Ein normaler Teenager
Georg sitzt im Garten neben seiner Mutter, heute darf er sich noch über Faschierten Braten mit Semmelknödeln von der Oma freuen, denn inzwischen kann er alles essen. Er wirkt erleichtert: "Das Urteil zu den Spendengeldern war eine wirklich schöne Nachricht. Es war sehr mühsam, immer wieder aufs Neue, aber am Ende zählt, dass man gewinnt", sagt der 18-Jährige.
Wegfahren will er bald einmal – vielleicht mit einem eigenen, speziell behindertengerechten Auto, das nun in Reichweite ist. "Dann braucht er nicht mehr die Eltern, nur einen Betreuer, darüber freut er sich", sagt Claudia Polic. Bei allem ist und bleibt Georg nämlich ein Teenager, der nicht ständig von seinen Eltern umgeben sein mag. Auch Ausziehen täte er gerne. "Na schauma mal. Ist eh gut, aber vielleicht bist du noch zu jung?", sagt seine Mutter. Die Diskussion, eine herrlich normale zwischen Eltern und Heranwachsenden.

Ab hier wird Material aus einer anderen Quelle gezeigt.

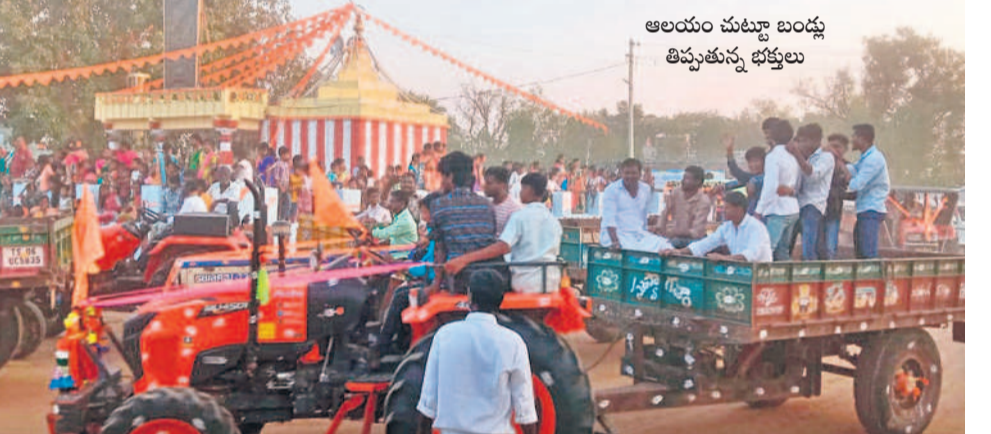
ఆలయం చుట్టూ బండ్లు తిప్పుతున్న భక్తులు

ముసాబేట (అడ్డాకుల), ఫిబ్రవరి 18 : మం డలంలోని రావాలలో చేసిన కేవలం బ్రహ్మాత్మ వారో భాగంగా ఆదివారం బండ్ల ఊరేగింపు నిర్వహించారు. బండ్లబండ్లు, కార్లు, ట్రాక్టర్లు, ఆ టోలు, బైకేట్లతోపాటు ఇతర వాహనాలను రం గులతో ముస్తాబు చేసి గ్రామంలో ఊరేగించారు. అనంతరం స్వామివారి ఆలయం చుట్టూ ప్రదక్షి ణలు చేశారు. ఆదివారం ఉమ్మడి జిల్లాస్థాయి కబడ్డీ పోటీలు కొనసాగుతున్నాయి. ఉత్సవాలలో ప్రధానపాత్ర వహించిన బండ్లబండ్లు పోటీలను సో మవారం సాయంత్రం నిర్వహించనుండగా, భ క్తులు అధికసంఖ్యలో తరలిరానున్నారు.

Wünsche ans Gesundheitssystem
Die Familie ist allen Spendern sehr dankbar, vor allem einer Großspenderin aus Wien. "Von dieser hatte ich einen Kontakt und fragte auf Wunsch der Familie, ob sie ihr Geld zurückwill, aber sie wollte, dass es Georg bekommt", erzählt Anwältin Prutsch. Was sich Claudia Polic vom österreichischen Gesundheitssystem wünschen würde: "Wenn es neue Therapiemöglichkeiten gibt, sollten die jedem zugänglich sein. Jeder sollte die Möglichkeit haben, die beste Therapie für sich zu bekommen. Wir haben immer noch eine Zwei-Klassen-Medizin, in einem Land, das genug Geld hat."
Der Fall von Georg kann ein Anfang sein. Dem schwerkranken jungen Mann ist eine medizinische Versorgung gesichert, mit den Spendengeldern plus Zinsen kann er ein besseres Leben führen. Ein neuer Rollstuhl, andere Behelfe, vielleicht einmal ein Auto – alles bringt ihm mehr Eigenständigkeit. Gefragt auf seinen Geburtstagswunsch bleibt Georg aber bescheiden: Essen gehen mit der Familie, am liebsten amerikanische Küche. Was er da am liebsten isst? Egal was, bloß keine Suppe.